UNITED STATES
SECURITIES AND EXCHANGE COMMISSION

WASHINGTON, D.C. 20549

 

FORM 8-K

 

CURRENT REPORT

 

Pursuant to Section 13 or 15(d) of the Securities Exchange Act of 1934

 

Date of Report (Date of Earliest Event Reported):

October 23, 2006

 

Power-One, Inc.

(Exact name of registrant as specified in its charter)

 

Delaware

 

000-29454

 

77-0420182

(State or other jurisdiction

 

(Commission

 

(I.R.S. Employer

of incorporation)

 

File Number)

 

Identification No.)

 

 

 

 

 

740 Calle Plano, Camarillo, California

 

93012

(Address of principal executive offices)

 

(Zip Code)

 

Registrant’s telephone number, including area code:

805-987-8741

 

Not Applicable

Former name or former address, if changed since last report

 

Check the appropriate box below if the Form 8-K filing is intended to simultaneously satisfy the filing obligation of the registrant under any of the following provisions:

 

o  Written communications pursuant to Rule 425 under the Securities Act (17 CFR 230.425)

o  Soliciting material pursuant to Rule 14a-12 under the Exchange Act (17 CFR 240.14a-12)

o  Pre-commencement communications pursuant to Rule 14d-2(b) under the Exchange Act (17 CFR 240.14d-2(b))

o  Pre-commencement communications pursuant to Rule 13e-4(c) under the Exchange Act (17 CFR 240.13e-4(c))

 




 

Item 2.01. Completion of Acquisition or Disposition of Assets.
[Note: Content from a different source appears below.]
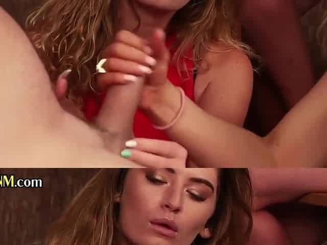 Beautiful adult film actress gives a great handjob and blowjob.
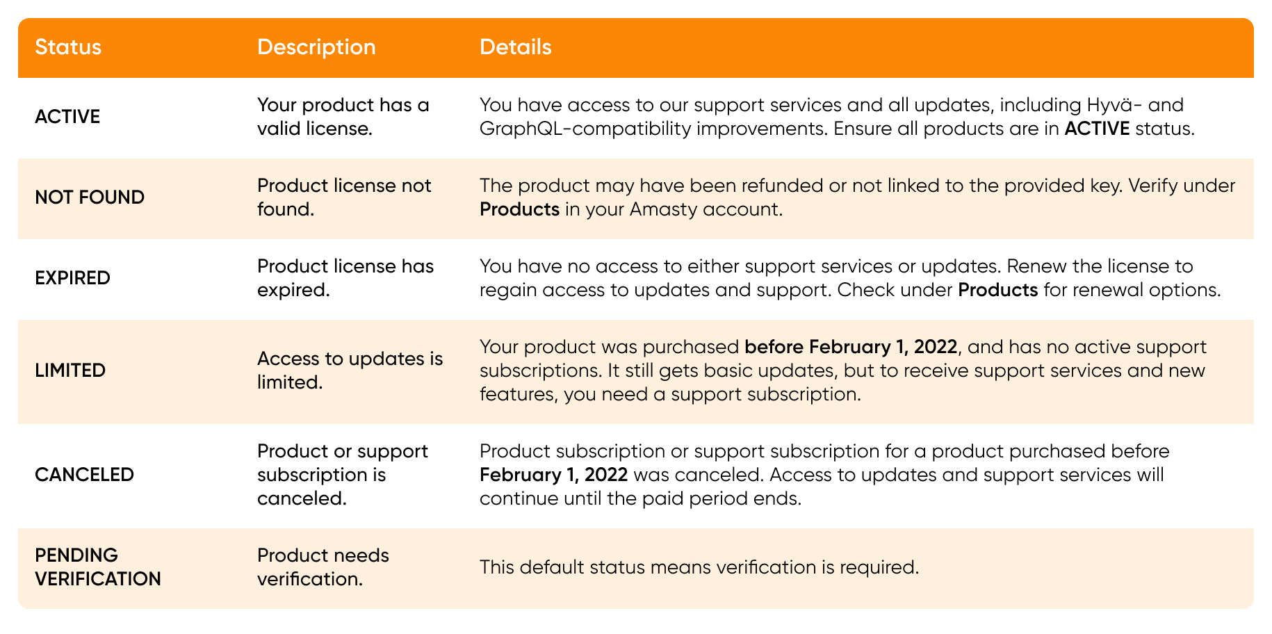- Canceled – At the moment, no further actions are required to use the product. To make sure you have access to product updates and support after the paid period ends, please prolong the product subscription, or visit this page to obtain a support subscription for products purchased before February 1, 2022.

Effective October 23, 2006, pursuant to the Purchase and Sale Agreement (the “Purchase Agreement”),  dated September 28, 2006, Power-One, Inc. (the “Company”) completed its acquisition of certain assets and liabilities of Magnetek, Inc. and all outstanding common stock of Magnetek, SpA, a subsidiary of Magnetek, Inc. (collectively the “Power Electronics Group”).  The Power Electronics Group sells power supplies and alternative energy products to a wide range of customers and markets. Products include, primarily custom-designed products for OEMs who incorporate these into their products as AC-to-DC switching power supplies, AC-to-DC rectifiers and battery chargers, DC-to-AC inverters for alternative energy and telecom, and custom motor-controls applications.

The purchase price for the Power Electronics Group is $68.0 million in cash and the assumption of approximately $17.4 million of indebtedness.
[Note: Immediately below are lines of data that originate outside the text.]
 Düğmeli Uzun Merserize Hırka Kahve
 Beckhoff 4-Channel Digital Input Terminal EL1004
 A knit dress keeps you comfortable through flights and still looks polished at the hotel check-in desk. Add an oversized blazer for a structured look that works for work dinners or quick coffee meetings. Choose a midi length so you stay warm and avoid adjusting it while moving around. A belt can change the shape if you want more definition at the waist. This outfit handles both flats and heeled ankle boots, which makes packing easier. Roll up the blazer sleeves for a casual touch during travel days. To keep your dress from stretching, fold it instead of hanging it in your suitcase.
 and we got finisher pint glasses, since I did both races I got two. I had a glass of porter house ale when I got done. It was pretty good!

The information described under “Item 2.03. Creation of a Direct Financial Obligation or an Obligation Under an Off-Balance Sheet Arrangement of a Registrant” is hereby incorporated into this Item 2.01 by reference.

PWER Bridge, LLC,  is the lender under the promissory note issued pursuant to the Loan Agreement described in Item 2.03 below.  The terms of the Loan and such note were determined on the basis of arms-length negotiations.  SF Holding Corp., an affiliate of both PWER Bridge, LLC and Stephens Inc. is the largest stockholder of the Company. Stephens Inc. served as financial advisor to Magnetek, Inc. in connection with the sale of the Power Electronics Group to the Company.  During fiscal 2005, the Company did not pay, and to date in fiscal 2006 the Company has not paid, Stephens Inc. any amounts for financial advisory services.  However, Stephens Inc. has served as financial advisor to the Company from time to time.

Item 2.02. Results of Operations and Financial Conditions.

The following information is furnished and shall not be deemed “filed” for purposes of Section 18 of the Securities Exchange Act of 1934, as amended (the “Exchange Act”), nor shall it be deemed incorporated by reference in any filing under the Securities Act of 1933, as amended, or the Exchange Act, except as shall be expressly set forth by specific reference in such a filing.

On October 26, 2006, the Company issued a press release announcing its financial and operating results for the third fiscal quarter of 2006.  A copy of the press release is furnished as Exhibit 99.1 hereto and is incorporated into Item 2.02 of this Form 8-K by reference.

Item 2.03. Creation of a Direct Financial Obligation or an Obligation Under an Off-Balance Sheet Arrangement of a Registrant.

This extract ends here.